Agreed. But doesn't that hold for any other namespace or a combination
of namespaces as well?

namespace destruction are handled by separate subsystems. It's possible
to have a cgroup notifier run prior to network namespace teardown
occurring.
If it were me, I'd re-use existing convention to identify the namespaces
you want to monitor. The code in nsenter(1) can take a namespace that's
been bind mount'd on a file, or extract the ns information from a task
in /procfs.

As PERF_RECORD_NAMESPACES gets all namespaces info, I assume your reservation
is with how perf report (patch 3/3) is processed, which could be improved to consider
other namespaces as well, once PERF_RECORD_NAMESPACES is in.

My biggest concern is how the sample data is handled after it has been
collected. Both namespaces and cgroups don't survive reboots. Will the
records will contain all the persistent state needed to run a report or
script command at a later date?

Yes. Sideband events are emitted when a new thread is created or an existing
thread's namespaces are changed, which can be post processed for reporting.

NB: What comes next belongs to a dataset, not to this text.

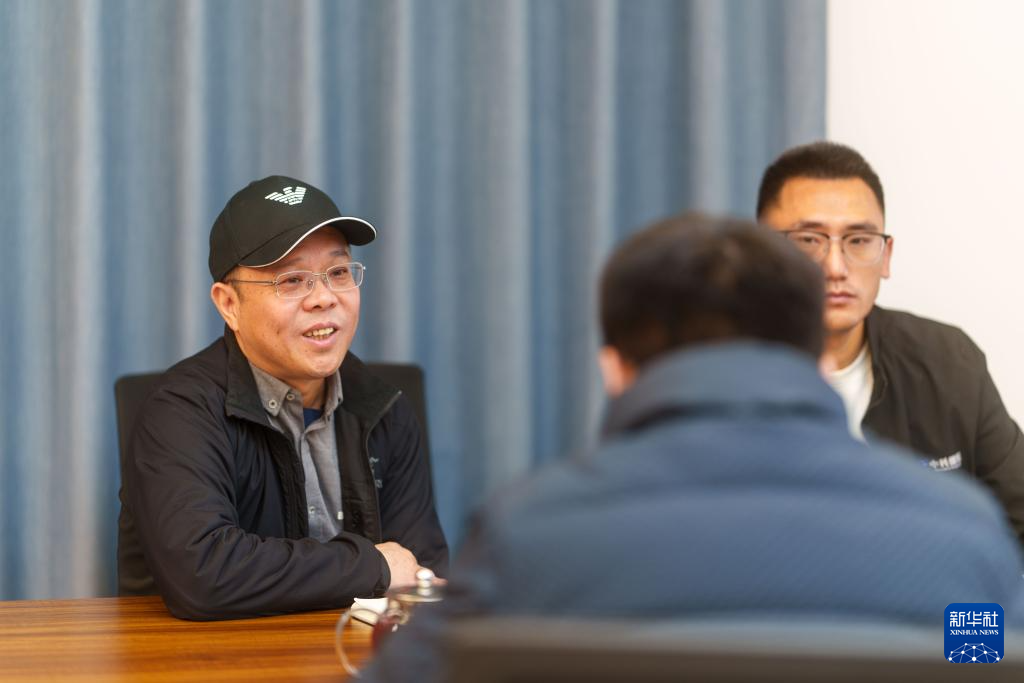 1月18日,杨小君(左)和同事在位于西安的中科微精总部办公室开会讨论工作安排。
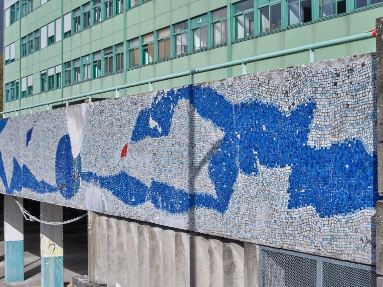 La mosaïque de Guingamp est tout aussi digne d'intérêt. Elle a cependant connu quelques désordres suite à la dilatation par la rouille des fers à béton du support. En 2020, l’œuvre a été "stabilisée".

Does this code attempt to enter alternate namespaces in order to record
stack/symbol information for a '-g' style trace? If so, how are you
holding on to that information? There's no guarantee that a particular
container will be alive or have its filesystems reachable from the host
if the trace data is evaluated at a later time.

I am not altering the existing behavior of -g option with these patches..

Thanks
Hari